Tables That Describe a Transformation
A transformation catalog needs a few tables. A header table identifies each transformation by a short name and ties it back to a data flow. A detail table describes the columns inside the transformation. Lookup transformations need an extra row that captures the source query for the lookup table.
The script below targets a database named MetadataModel that contains tables and stored procedures for two transformation types: derived column and lookup.
USE MetadataModel;
GO
CREATE TABLE dbo.DerivedColumnHeader
(
DerivedHeaderId INT IDENTITY(1,1) PRIMARY KEY,
TransformationShortName NVARCHAR(50) NOT NULL,
TransformationComment NVARCHAR(200) NULL
);
CREATE TABLE dbo.DerivedColumnDetail
(
DerivedHeaderId INT NOT NULL,
DerivedDetailId INT NOT NULL PRIMARY KEY,
DerivedColumnName NVARCHAR(250) NOT NULL,
DerivedColumnType NVARCHAR(250) NOT NULL,
Expression NVARCHAR(200) NOT NULL,
DataType NVARCHAR(50) NOT NULL,
DataLength NVARCHAR(50) NOT NULL,
ReplaceExisting NVARCHAR(50) NULL,
CONSTRAINT FK_DerivedDetail_Header FOREIGN KEY (DerivedHeaderId)

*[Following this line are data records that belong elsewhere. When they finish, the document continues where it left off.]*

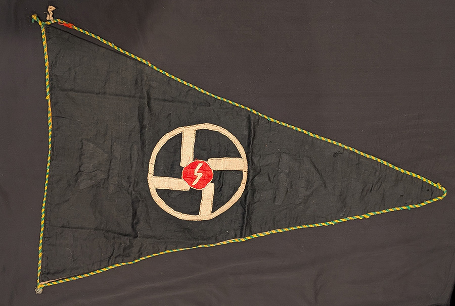 249SO2 - Jungmadel UNTERGAU #615 pennant. This perfect triangular pennant measures 52.0 x 9.0 inches. The pennant features the stylized black eagle with magnificent hand-embroidery highlighting the eagle's feathers. The Untergau 615 unit is detailed with the same hand embroidery The black cotton field is free of any tears and stains. All four of the retaining clips are present on the hoist side. 3400 More Photos |
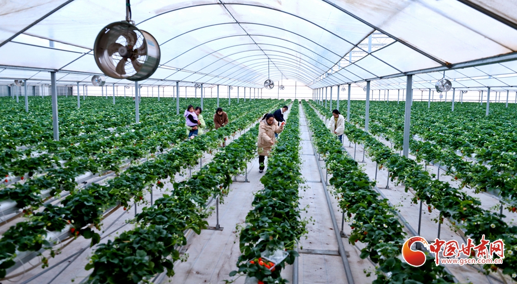 1月15日,甘肅省張掖市甘州區(qū)靖安鄉(xiāng)一草莓種植大棚內,游客正帶著小朋友采摘草莓。
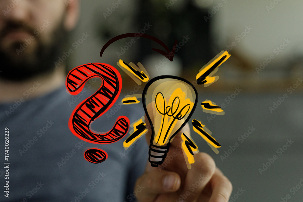 Man discovers solution, innovative idea, problem solving, question, answer, lightbulb, inspiration, creativity, innovation, business, tech
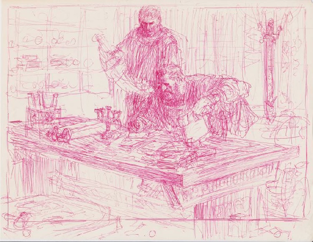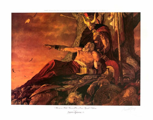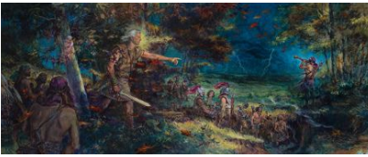 The artist felt and strove to capture the epic, downright Wagnerian tragedy of the solemn scene at the end of the last battle. Mormon has been fatally wounded in the fight, and so they have laid him down on the hilltop, supported by his son Moroni. As he grieves for his fallen people, he holds the plates of gold, graven with his own hand, leaving a few plates for Moroni to add some final words. That one last leaf on the tree carries its own symbolism, as well as the buzzards circling over the tragic scene.
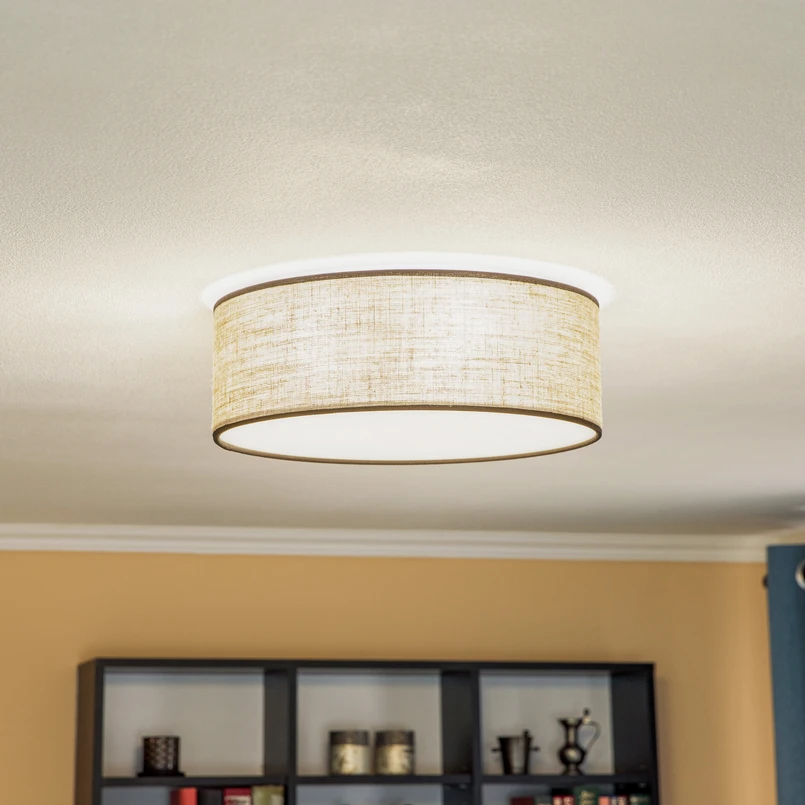 Deckenlampe Tubo, Textilschirm, beige, rund
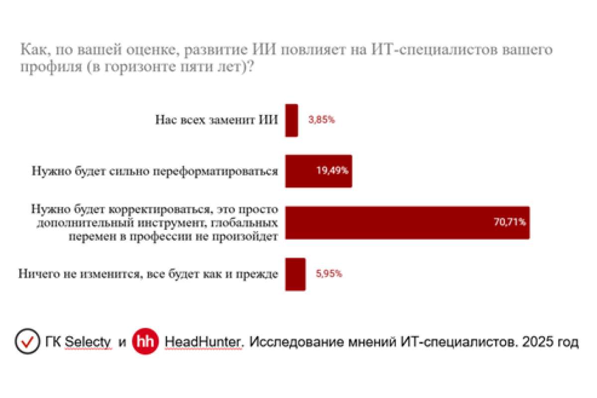 ИТ-специалисты никогда не видели угрозы в ИИ. Согласно данным совместного исследования компании Selecty и платформы hh.ru, 70% воспринимают его как инструмент, и в том числе собственного развития. Среди ИТ-специалистов, готовых пройти переквалификацию, 89% опрошенных заинтересованы в повышении компетенций именно в сфере искусственного интеллекта. (рис. 1)
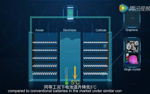 据华为瓦特实验室首席科学家李阳兴博士指出,石墨烯基高温锂离子电池技术突破主要来自三个方面:在电解液中加入特殊添加剂,除去痕量水,避免电解液的高温分解;电池正极选用改性的大单晶三元材料,提高材料的热稳定性;同时,采用新型材料石墨烯,可实现锂离子电池与环境间的高效散热。
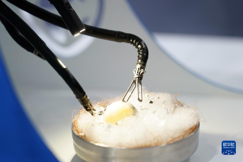 8月18日在2022世界機器人博覽會(huì )現場(chǎng)拍攝的單孔腔鏡手術(shù)機器人。

REFERENCES dbo.DerivedColumnHeader(DerivedHeaderId)
);
CREATE TABLE dbo.LookupHeader
(
LookupHeaderId INT IDENTITY(1,1) PRIMARY KEY,
TransformationShortName NVARCHAR(250) NOT NULL,
SourceDataPackageId INT NOT NULL,
NoMatchConfiguration NVARCHAR(250) NOT NULL,
SourceQuery NVARCHAR(4000) NOT NULL
);
CREATE TABLE dbo.LookupDetail
(
LookupDetailId INT NOT NULL PRIMARY KEY,
LookupHeaderId INT NOT NULL,
ColumnName NVARCHAR(50) NOT NULL,
DataType NVARCHAR(50) NOT NULL,
DataLength NVARCHAR(50) NOT NULL,
ColumnDirection NCHAR(10) NOT NULL -- 'IN' or 'OUT'
);
Stored Procedures That Feed the Generator
Three stored procedures expose the metadata to the BimlScript driver. One returns the derived column transformation header and detail joined together. Two more return the lookup header information and the input and output column lists for each lookup.
CREATE PROCEDURE dbo.ListDerivedTransformations
AS
SELECT h.TransformationShortName,
d.DerivedColumnName,
d.Expression,
d.DataType,
d.DataLength,
d.ReplaceExisting
FROM dbo.DerivedColumnHeader h
JOIN dbo.DerivedColumnDetail d
ON h.DerivedHeaderId = d.DerivedHeaderId;
GO
CREATE PROCEDURE dbo.ListLookupHeaderForCustomer
AS
SELECT h.TransformationShortName,
LTRIM(RTRIM(p.Name)) AS ConnectionName,
h.SourceQuery
FROM dbo.LookupHeader h
JOIN dbo.DataPackage p
ON p.DataPackageId = h.SourceDataPackageId;
GO
CREATE PROCEDURE dbo.ListLookupColumns
@ColumnDirection NCHAR(10)
AS
SELECT h.TransformationShortName,
d.ColumnName
FROM dbo.LookupHeader h
JOIN dbo.LookupDetail d
ON h.LookupHeaderId = d.LookupHeaderId
WHERE d.ColumnDirection = @ColumnDirection;
GO
Sample Configuration Row
A single derived column row that uppercases a Name column looks like this:
INSERT INTO dbo.DerivedColumnHeader (TransformationShortName, TransformationComment)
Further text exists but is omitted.